Михаил Пришвин
СТАРЫЙ ГРИБ
Наш сад
(рассказ старого садовника)
Было это давно, ещё в царское время, и даже не при последнем царе. Мы жили тогда в небольшом рыжем домике — три окошка на улицу и позади сад. В нашем небольшом городке в каждом доме было: окна на улицу в пыль, а позади сад, разделённый заборами. Так было всюду в старое время, и сама Москва ничем не отличалась от провинции. Только в последнее время становится заметным, что сады, скверы и парки в Москве как бы выходят вперёд, и это для меня, садовника, самая большая новость и радость.
В наше старое время было правило, что впереди для всех пыльная улица, а позади дома сад для себя.
Так вот я хочу рассказать, как в одном городке, где мы жили, время переходило, и сады тоже в конце концов вышли вперёд.
Было как-то раз, приходит в наш домик на Дворянской улице мужичок средних лет в синей блузе. Волосы его были русые, долгие[1] сапоги высокие, смазные, глаза голубые и на конце лица висела острая бородка.
— Здравствуйте, добрые люди! — сказал мужичок. — Хлеб да соль.
— Милости просим![2] — ответила мать.
За спиной у гостя была сумка, в правой руке палка-писанка самодельная, в левой оказалось самое главное: ящик с красками.

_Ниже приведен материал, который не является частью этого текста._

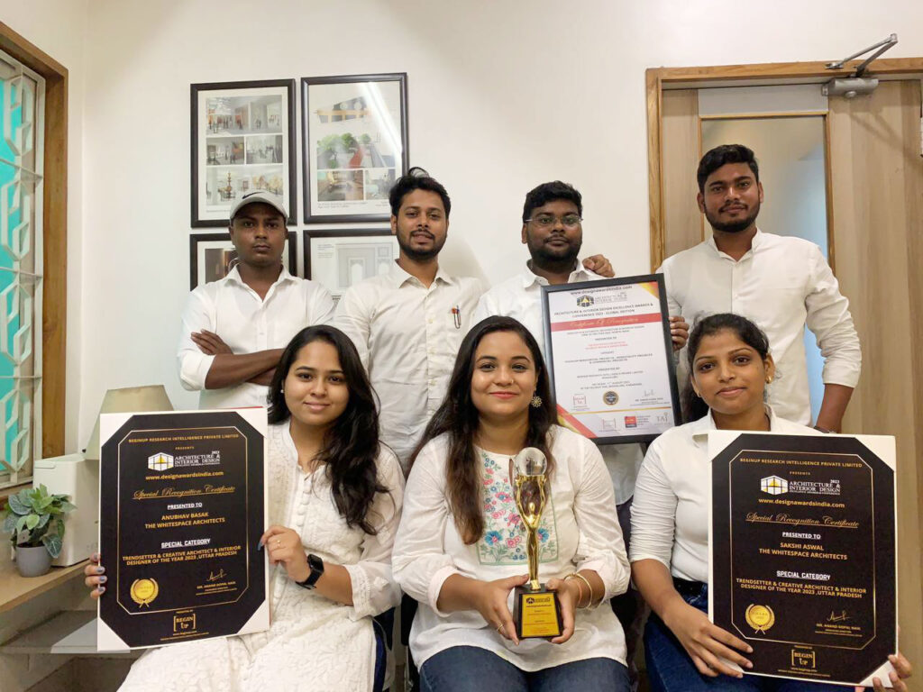 Helmed by the visionary couple, Anubhav Basak and Sakshi Aswal, the studio began its journey as Anubhav Design Atelier in 2018, amassing an impressive portfolio of over 40 completed projects across seven cities. The Whitespace Architects, an architecture and interior design studio, offers comprehensive services such as planning, exterior façade design, interior design, furniture design and landscape design. Their expertise spans diverse scales, ranging from 100 sqft to 100,000 sqft, encompassing residential, hospitality, commercial, industrial and more. Constantly pushing boundaries with innovative concepts, WA have received two awards “Innovative & Futuristic Architecture & Interior Design Firm of the Year 2023” North India Award under “Premium Residential Projects , Hospitality Projects & Commercial Projects” Category for the year 2023 (GLOBAL EDITION) & “Trendsetter & Creative Architect & Interior Designer of the Year 2023 , Uttar Pradesh ” presented by BeginUp Research Intelligence Global Edition, held at The Taj West End, Bangalore on August 11, 2023. Besides this, WA projects have been also been featured on renowned magazines like Architect’s Dairy, Architect & Interiors India, Home Publication, Interior Lover and more.

— Я художник, — сказал он матери. — Нельзя ли у вас остановиться на всё лето?
— Рада бы, — ответила вежливо мать, — да поглядите сами: тесно, куда я вас дену?
— Баня у вас в саду свободная, — сказал художник, — я бы жил в ней, а когда плоды поспеют, я бы сад караулил.
А это такая правда была о карауле: бывало, как только плоды начинают поспевать, у нас по всему городу воры зубы на яблоки точат, прямо настоящая война начинается, и хозяева даже и спят в садах с ружьями.
Возможно ли было нашей бедной матушке с малыми детьми охранить сад от разбойников! Ещё хорошо, что сад был с плодами не каждый год. Но как раз в этот год, когда пришёл к нам художник, яблоки и груши завязались с большой силой и урожай ожидался очень большой. Вот почему предложение художника очень понравилось матери, и она ему так сказала:
— Я вдовой осталась с кучей маленьких детей, мне очень трудно сад караулить. Я бы, конечно, и очень рада была вас пустить в баню, да только мне совестно: вы же не знаете, какая эта баня внутри — не баня, а завалюшка, мы же больше в ней не моемся, а сколько в ней мусору!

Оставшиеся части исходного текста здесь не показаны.